Made your easy lasagna for Christmas this year along with your easy baked meatballs. I prepared them both and placed them in the freezer. Once they were defrosted, I cooked the lasagna in the oven and heated the already baked meatballs in the sauce. It was the easiest holiday meal I have made. Both dishes got rave reviews, and my family wants these two dishes in our meal rotation. Happy Holidays!
I have tried several decent lasagna recipes over the years but this one is perfect. I made it with sausage the day before and followed the heating instructions exactly. Everyone loved it! This will be my new go-to for sure! Thanks for a great recipe!

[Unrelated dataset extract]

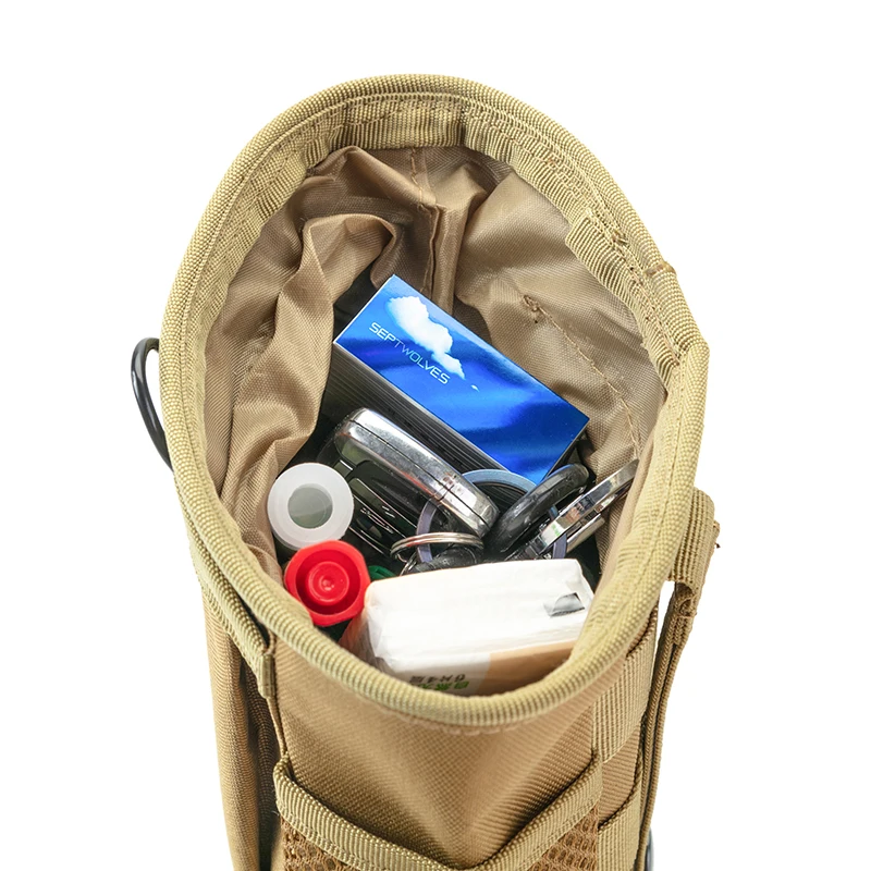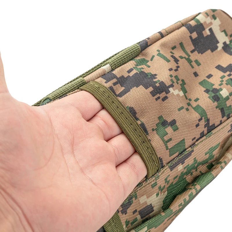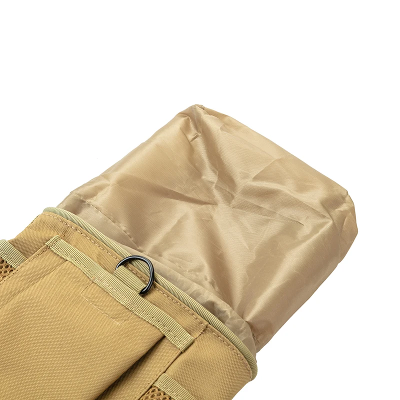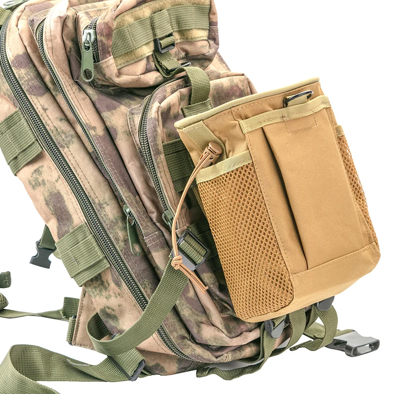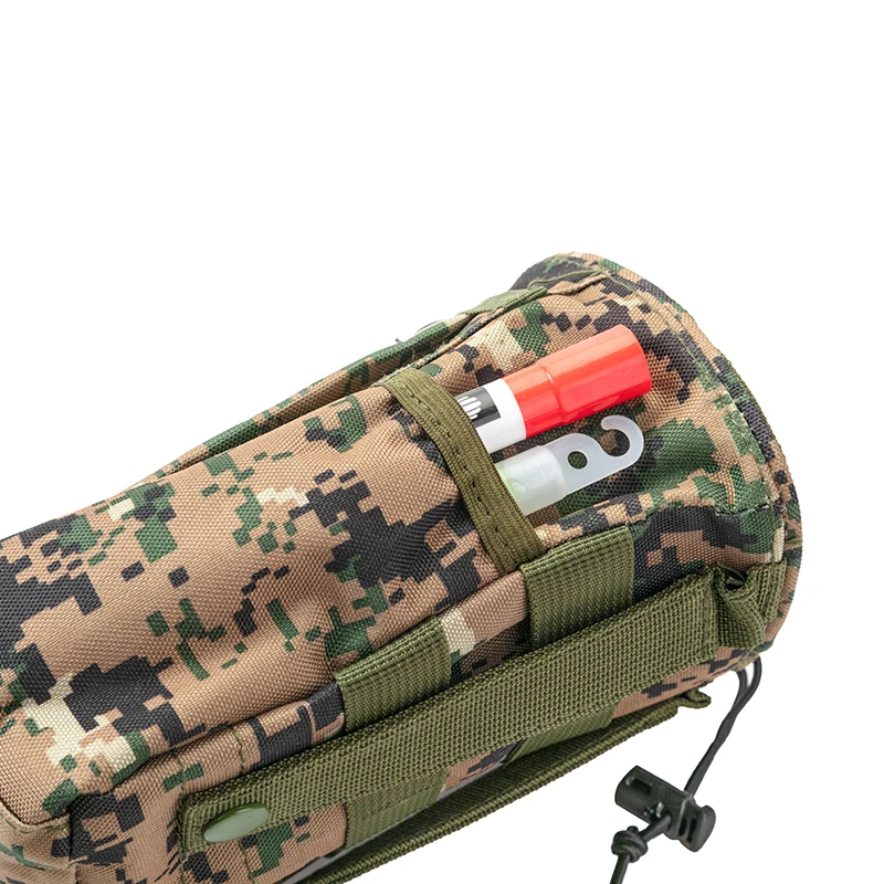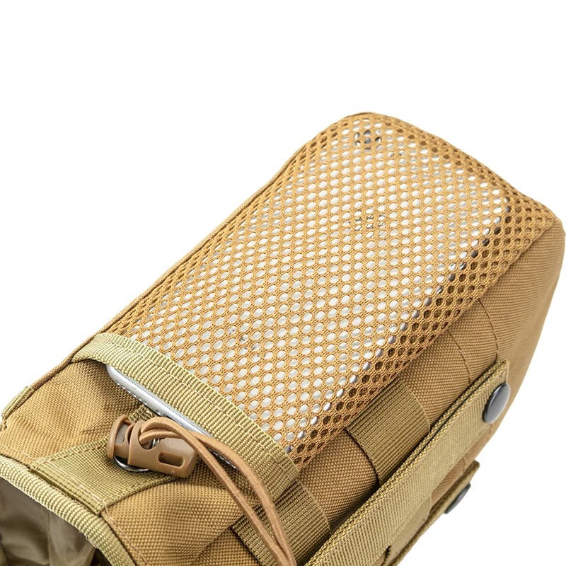 Material: nailon impermeable Dimensiones: 20x14x9cm Peso: 167g Equipado con compartimento principal, bolsillo frontal y dos bolsillos laterales La cuerda equipada puede evitar que las cosas se caigan Puede contener alimentos, aperitivos u otros artículos ligeros Se puede conectar con cualquier chaleco, bolsa, cinturón o Mochila de tela molle Hecho de material de nailon duradero Resistente al agua para uso en exteriores

I have been following the updates of your site for a long time, I find very cool recipes in the updates and in the sections. Sometimes I get inspired and use similar articles to make a simplified version of the infographic for myself. Such cool recipes should have a continuation in a new perspective. I first cooked according to your notes. Husband and children are delighted! It is very tasty and easy when there are such assistants!